Building better datasets with Snorkel Flow error analysis
As machine learning practitioners, few of us would expect the first version of a new model to achieve our objective. We plan for multiple rounds of iteration to improve performance through error analysis, and the Snorkel Flow platform provides tools to enable this kind of iteration within the data-centric AI framework.
Traditional, model-centric AI development focuses its iteration loop on the model itself. In this framework, the machine learning practitioner experiments with different architectures, engineers features, and tunes hyper-parameters while treating training data as a somewhat static artifact.
This approach has drawbacks. For example, there’s no way to isolate how changes in hyperparameters impact specific subsets of the data, which can leave us balancing between two kinds of errors. It can also be unclear what a change to a particular hyperparameter will actually do.

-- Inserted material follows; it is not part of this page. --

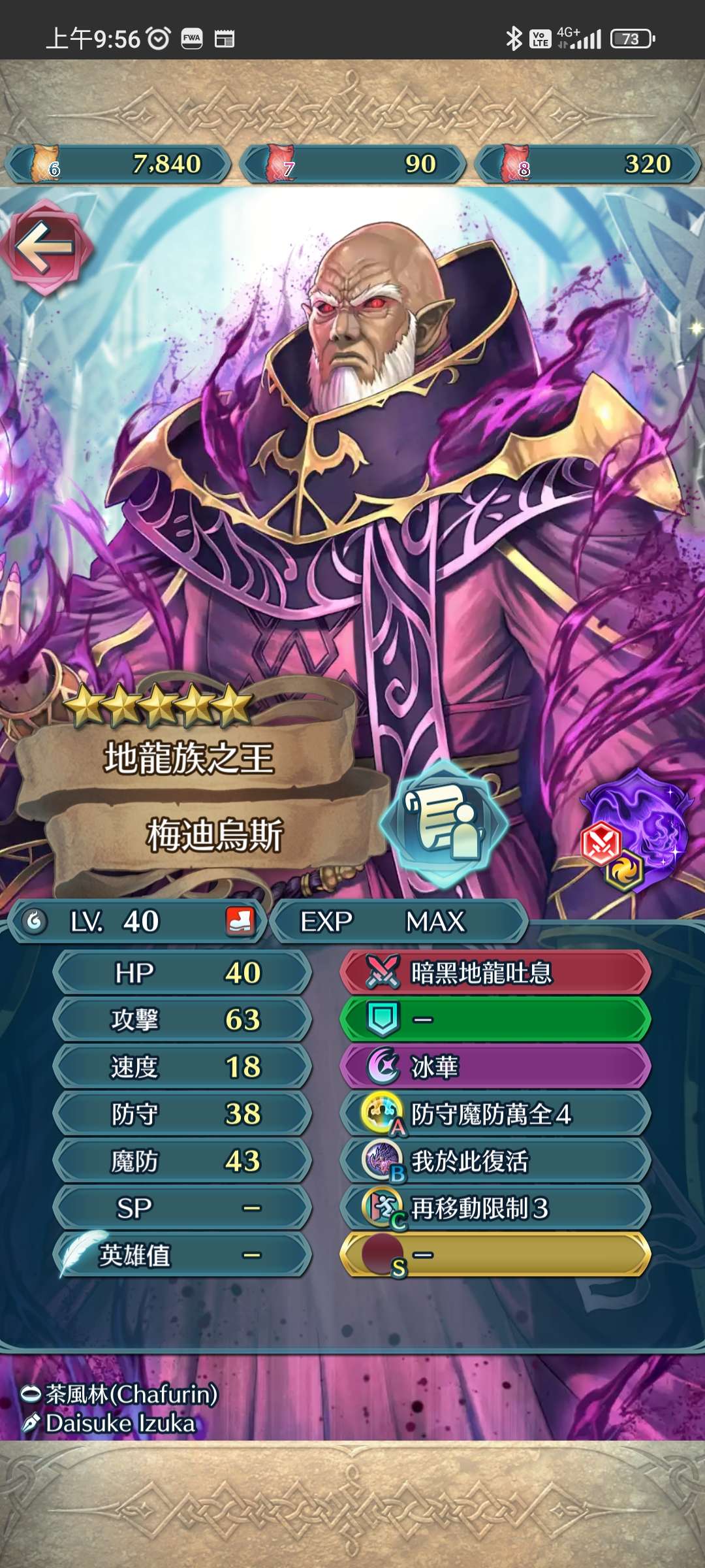 梅迪烏斯-無步龍,神階英雄。梅伯尚未開鍛,還有進步空間,而且神階英雄直接影響飛空城分數,所以未有抽到的朋友絕對值得考慮。梅伯本身有非戰鬥損傷免疫,條件齊全之下,耐打程度屬優秀之列。建議承繼最新的龍專屬奧義,令梅伯的攻防更上一層樓

In contrast, it’s easy to understand the impact of increasing and improving your training data. If you add an accurately-labeled training point, the model will likely perform better on examples similar to it.

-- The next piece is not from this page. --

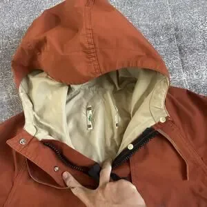 Men's Vintage 70's REI USA Burnt Orange Mountain Hooded Parka Zip Up Jacket Sz S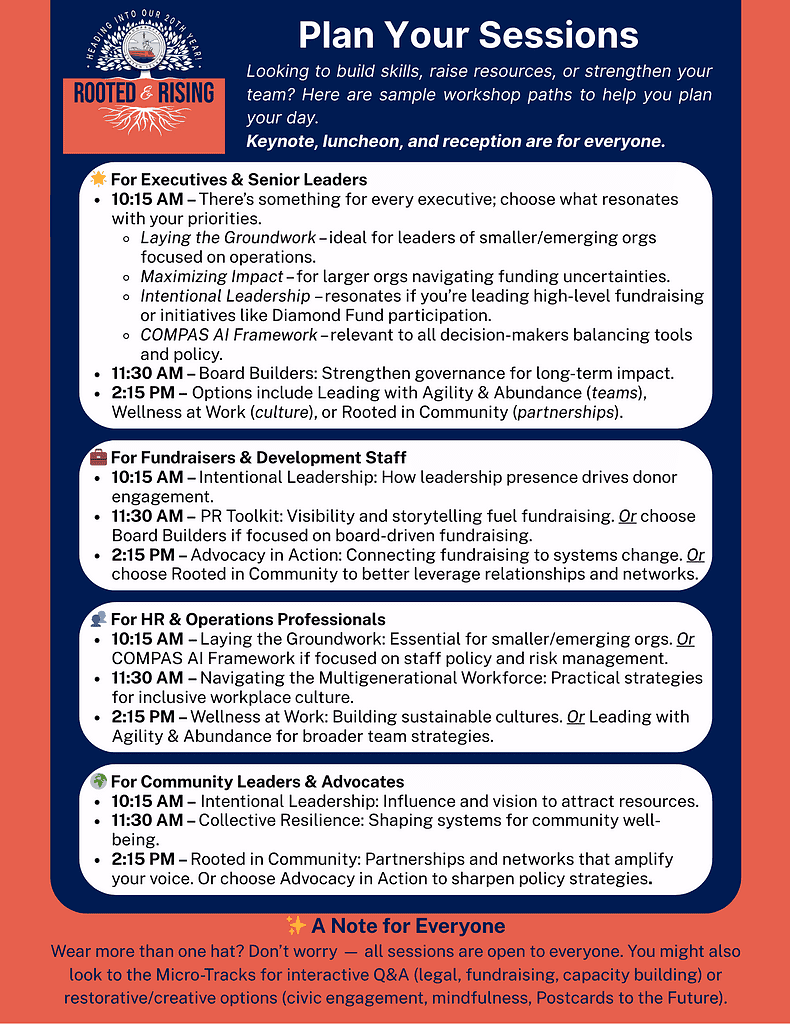 Join us as we reflect on how far we’ve come together, embrace and address new challenges, and fuel the future of our sector. With reimagined programming, powerful sessions, and a vibrant community of leaders, Rooted & Rising is about showing up for our missions, our teams, and our communities.

The Snorkel Flow iteration loop
Standard data-labeling approaches cost a lot of time, energy, and money. For complex or private data, this often requires collaborating with time-strapped subject matter experts, which can be so expensive as to make a project untenable.

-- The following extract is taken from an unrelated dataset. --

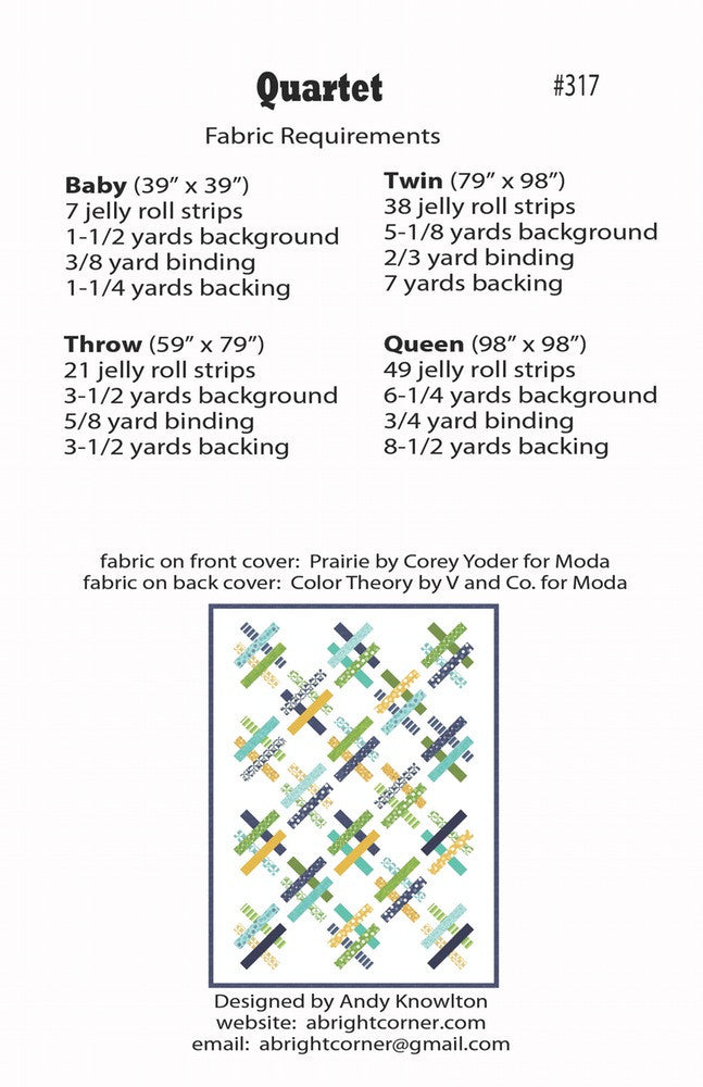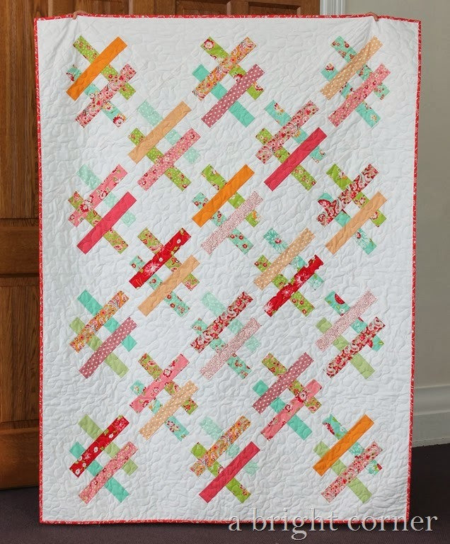 Jelly roll friendly pattern has four size options: baby, throw, twin, queen.

Snorkel Flow eases this challenge with its programmatic, data-centric approach. If you’re not familiar with the Snorkel Flow platform, the iteration loop looks like this:
- Label programmatically: Encode labeling rationale as labeling functions (LFs) that the platform uses as sources of weak supervision to intelligently auto-label training data at scale.
- Model: Train proxy models for immediate label quality feedback.
- Analyze: Use a suite of analysis tools to identify shortcomings in both your model and your training data.
- Iterate: Capitalize on this analysis by adding or editing a few labeling functions.
We continue to release additional capabilities for step three. As of our 2022 year-end release, these features included
- Unsupervised confusion matrix.
- Streamlined tagging workflows.
- Improved tagging analysis.
- Auto-generated tag-based LFs.
- Labeling function quality analysis.
Let’s dive into a sample use case!
Scenario: Entity linking with payroll data and job classifications
I’m building an entity-linking app to connect job listings in a payroll system to a job categorization system developed by the Bureau of Labor Statistics. This should allow us to build aggregate statistics like “what are the pay bands of software engineers in Minneapolis, Minnesota?”.
We’ll receive two datasets:
- The job listings in the payroll system.
- Job categories.
Here’s a description of each entity:
In the pipeline we’re developing, we’ll generate job/category pairs for every job listing, and then use a binary classifier to predict whether the job listing belongs to the job category. We call this process “entity linking.”
Step 1: Create baseline LFs with LF AutoSuggest and simple thresholding
I jump in and establish a foundation for our data set by writing a few use-case agnostic labeling functions.
Our entity-linking model will accept a variety of similarity metrics for two specified examples. This will include a metric for the job titles’ string similarities as well as the distance between their mean pay. The model will take these numerical values and calculate a final similarity metric along with a threshold by which to declare whether two titles refer to the same job.
So, a good initial LF is “If any of the similarity measures are three standard deviations away from the average, then it’s a match.” These won’t be perfect, but we don’t need them to be perfect; the label model can denoise any spurious outlier cases.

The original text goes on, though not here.